■ What you need to do ■
All entries must be given again in full, exactly as they were supplied.

───── Task material

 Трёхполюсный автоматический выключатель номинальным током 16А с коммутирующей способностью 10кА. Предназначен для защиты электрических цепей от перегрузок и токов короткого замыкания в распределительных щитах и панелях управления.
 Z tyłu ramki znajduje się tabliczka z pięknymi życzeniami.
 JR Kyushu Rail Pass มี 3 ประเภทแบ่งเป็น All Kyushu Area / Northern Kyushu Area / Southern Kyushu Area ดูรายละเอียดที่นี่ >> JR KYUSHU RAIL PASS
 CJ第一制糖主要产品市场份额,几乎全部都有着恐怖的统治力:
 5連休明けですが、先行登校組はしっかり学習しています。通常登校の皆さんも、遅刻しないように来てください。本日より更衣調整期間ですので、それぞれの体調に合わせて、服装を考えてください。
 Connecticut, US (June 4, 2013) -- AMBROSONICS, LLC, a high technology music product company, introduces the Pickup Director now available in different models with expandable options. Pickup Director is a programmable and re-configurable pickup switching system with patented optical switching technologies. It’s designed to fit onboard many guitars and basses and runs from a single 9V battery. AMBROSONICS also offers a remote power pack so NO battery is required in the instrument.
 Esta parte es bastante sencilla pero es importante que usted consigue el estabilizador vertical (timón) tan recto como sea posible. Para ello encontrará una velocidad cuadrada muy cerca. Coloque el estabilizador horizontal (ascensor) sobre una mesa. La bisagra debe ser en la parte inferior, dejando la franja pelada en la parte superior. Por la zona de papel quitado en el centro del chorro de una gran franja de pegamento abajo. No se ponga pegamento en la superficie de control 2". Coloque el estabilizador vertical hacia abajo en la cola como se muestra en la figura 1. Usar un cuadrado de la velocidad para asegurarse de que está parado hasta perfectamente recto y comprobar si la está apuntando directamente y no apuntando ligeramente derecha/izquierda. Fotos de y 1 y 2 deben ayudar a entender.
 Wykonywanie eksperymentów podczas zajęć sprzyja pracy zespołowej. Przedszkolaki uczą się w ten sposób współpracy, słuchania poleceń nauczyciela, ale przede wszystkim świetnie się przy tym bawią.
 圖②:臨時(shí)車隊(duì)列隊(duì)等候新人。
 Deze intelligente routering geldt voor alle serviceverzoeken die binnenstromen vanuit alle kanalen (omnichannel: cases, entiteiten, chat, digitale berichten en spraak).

──────────

■ Result ■
 Трёхполюсный автоматический выключатель номинальным током 16А с коммутирующей способностью 10кА. Предназначен для защиты электрических цепей от перегрузок и токов короткого замыкания в распределительных щитах и панелях управления.
 Z tyłu ramki znajduje się tabliczka z pięknymi życzeniami.
 JR Kyushu Rail Pass มี 3 ประเภทแบ่งเป็น All Kyushu Area / Northern Kyushu Area / Southern Kyushu Area ดูรายละเอียดที่นี่ >> JR KYUSHU RAIL PASS
 CJ第一制糖主要产品市场份额,几乎全部都有着恐怖的统治力:
 5連休明けですが、先行登校組はしっかり学習しています。通常登校の皆さんも、遅刻しないように来てください。本日より更衣調整期間ですので、それぞれの体調に合わせて、服装を考えてください。
 Connecticut, US (June 4, 2013) -- AMBROSONICS, LLC, a high technology music product company, introduces the Pickup Director now available in different models with expandable options. Pickup Director is a programmable and re-configurable pickup switching system with patented optical switching technologies. It’s designed to fit onboard many guitars and basses and runs from a single 9V battery. AMBROSONICS also offers a remote power pack so NO battery is required in the instrument.
 Esta parte es bastante sencilla pero es importante que usted consigue el estabilizador vertical (timón) tan recto como sea posible. Para ello encontrará una velocidad cuadrada muy cerca. Coloque el estabilizador horizontal (ascensor) sobre una mesa. La bisagra debe ser en la parte inferior, dejando la franja pelada en la parte superior. Por la zona de papel quitado en el centro del chorro de una gran franja de pegamento abajo. No se ponga pegamento en la superficie de control 2". Coloque el estabilizador vertical hacia abajo en la cola como se muestra en la figura 1. Usar un cuadrado de la velocidad para asegurarse de que está parado hasta perfectamente recto y comprobar si la está apuntando directamente y no apuntando ligeramente derecha/izquierda. Fotos de y 1 y 2 deben ayudar a entender.
 Wykonywanie eksperymentów podczas zajęć sprzyja pracy zespołowej. Przedszkolaki uczą się w ten sposób współpracy, słuchania poleceń nauczyciela, ale przede wszystkim świetnie się przy tym bawią.
 圖②:臨時(shí)車隊(duì)列隊(duì)等候新人。
 Deze intelligente routering geldt voor alle serviceverzoeken die binnenstromen vanuit alle kanalen (omnichannel: cases, entiteiten, chat, digitale berichten en spraak).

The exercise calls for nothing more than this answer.